Евреям — ни в какую!
Поляки проходят
мимо по перрону, косят на нас волчий глаз.
— Жидовский
вагон!
Старик-орденоносец
цепляется за рукав проводника, чтобы не упасть от физической немощи, шамкает
ему с рабской угодливостью:
— Я Польшу
освобождал. От фашистов.
— Доллары! А нет
долларов, орден давай!
Старик дрожащими
пальцами стал отвинчивать орден с драгоценным — в денежном эквиваленте —
профилем Ленина.
И тогда я с
братом Борисом, видя дрожащие пальцы старого солдата, видя, как начинают
вращаться спицы колес, внесли его, втолкнули в дверь, побросали следом
чемоданы, на них детей, схватились за поручни. И вдруг с ужасом осознали, что
вкинули на площадку детей бухарца — не своих.
— Белла!
— Натан!
Носильщик — услужливый
малый — детей на руки и бегом за вагоном.
— Доллары!
И брат мой Борис
воткнул в пасть носильщика доллары, не считая, сколько выхватил из кармана.
Забрал детей и рванулся, не глядя, в тамбур — на узлы, чемоданы, портфели.
Скорей бы
протиснуться в купе, спрятать свое сокровище!
Спрятал. Затем и
мы спрятались. «Ну, — думаем, — доберемся до Вены, а там…»
Какое «там»!
Здесь еще,
оказывается, ничего не кончено. Нас залило волной осуждающих взглядов, злых
фраз польских дам и их кавалеров с отвисшим пузом и стукнуло друг о друга, как
два кремня. Искры из глаз и в сердце. Наше сердце полыхнуло скрытым огнем, но
так жестоко, как некогда танк попутчика нашего, старика с обожженным лицом,
напрасно вызванивающего медалями в надежде на снисхождение.

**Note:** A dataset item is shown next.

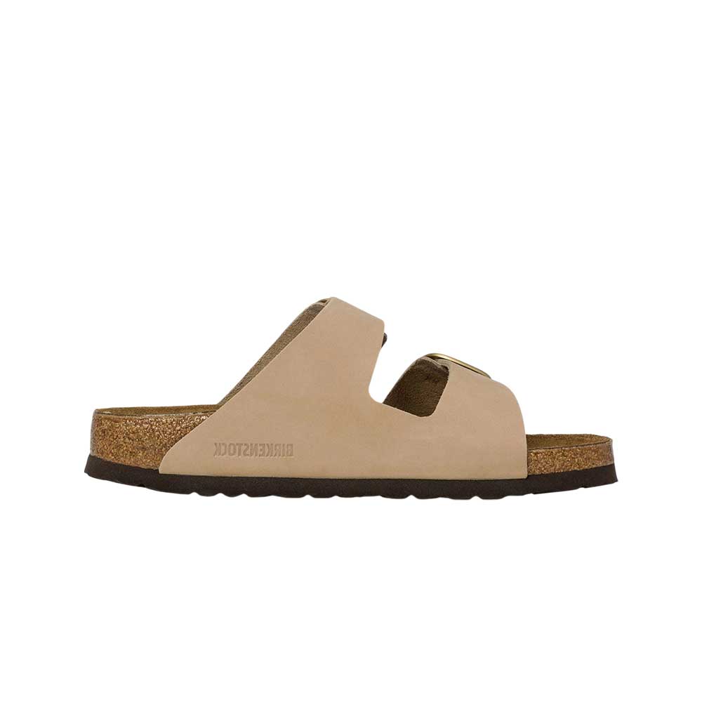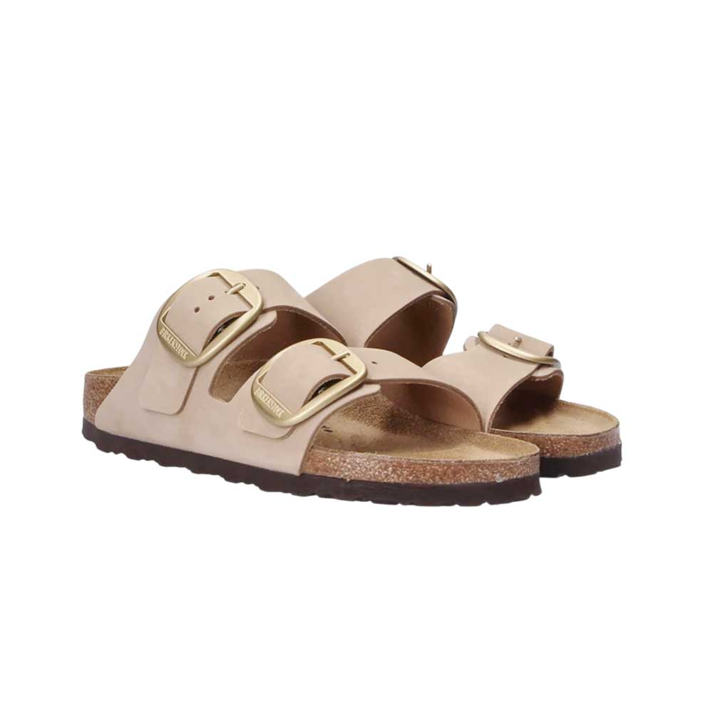 Risveglia il tuo spirito di avventura e di sfida con i sandali Arizona Big Buckle di Birkenstock! Realizzati in pregiata pelle nabuk sabbia, si abbinano perfettamente alla fibbia dorata. Il plantare anatomico in camoscio offre un comfort imbattibile. Affronta le tue giornate con grinta e stile!

«Пся крев!» — донеслось до меня.
«Пся крев!» — донеслось до моего
брата.
«Сукин сын!»
Нет, это не
кто-то посторонний. Это я, это брат мой — «пся крев!»
И кто это нам
такое? Поляки, мужики и бабы, направляющиеся на
туристический променад в Чехословакию.
И мы вынули ножи.
Свои ножи.
Мы встали у двери
в купе.
В свое купе.
Мы евреи и только
евреи.
Или мы евреи, или
нам смерть!
И была остановка
на какой-то польской станции. И была посадка. И было то, чего случиться по
теории вероятности не могло. Но случилось. Случилось в соответствии с другой
теорией, тоже еврейской по существу, но совершенно
невероятной.
Поляки, не
понимая происходящего, проходили мимо нас — меня и моего брата — и не имели
возможности даже заглянуть в наше купе. Проходили мимо нас, мимо наших ножей и
усаживались на чемоданах в проходе.
Приближалась
граница с Чехословакией. Проводник понесся по вагону. Стряслось что? Ничего не
стряслось! Просто-напросто он раздает посадочные талоны. Он! Раздает! Евреям!
Посадочные талоны!
Те талоны, за
которыми гонял нас на вокзал.
Те талоны, вместо
которых требовал от нас доллары.
Мы отказались от
посадочных талонов. Я и мой брат Борис.
Мы сказали:
— Пусть нас
забирает ваша полиция. Мы примем бой.
И подняли ножи на
уровень груди.
Это было для него
слишком.
И он со злостью
бросил нам под ноги посадочные талоны.
Мы не нагнулись
за ними…
Два желтых листка
лежали на затертой ковровой дорожке. Две жалкие бумажки, похожие на осенние
листья.
Осень стряхивает
с деревьев умершую листву. Мы стряхиваем, как листву, часть своего «я».
Навсегда ли? Не знаю. Знаю другое: ни один еврей из нашего вагона не попросился
в новый галут. Ни в США, ни в Канаду, ни в Германию.
Все поехали в Израиль.
5. Гробница патриархов
Гробница
библейских патриархов в Хевроне воздвигнута царем
Иродом над пещерой Махпелой за четыре года до нашей
эры. Из того же иерусалимского камня, что и Стена Плача. Ни износа ей, ни
забвения.
Хеврон… Махпела…
Вечность…
В зале Ицхака и Ривки (Исаака и Ревекки) — там,
где молятся на коврах и голом полу арабы и евреи, — зацементированный лаз в
подземелье. Над ним жерлом допотопной пушки — медная труба. Встань перед ней на
колени, ложись лицом на высверленные отверстия, и острым блеском костей мигнет
дно пещеры. Но если не повезет в первую секунду, то, сколько потом ни
вглядывайся, не будет никакого вознаграждения утомленным глазам — мгла, едва
уловимое смещение контуров и затхлое дуновение древних пергаментов. Что это?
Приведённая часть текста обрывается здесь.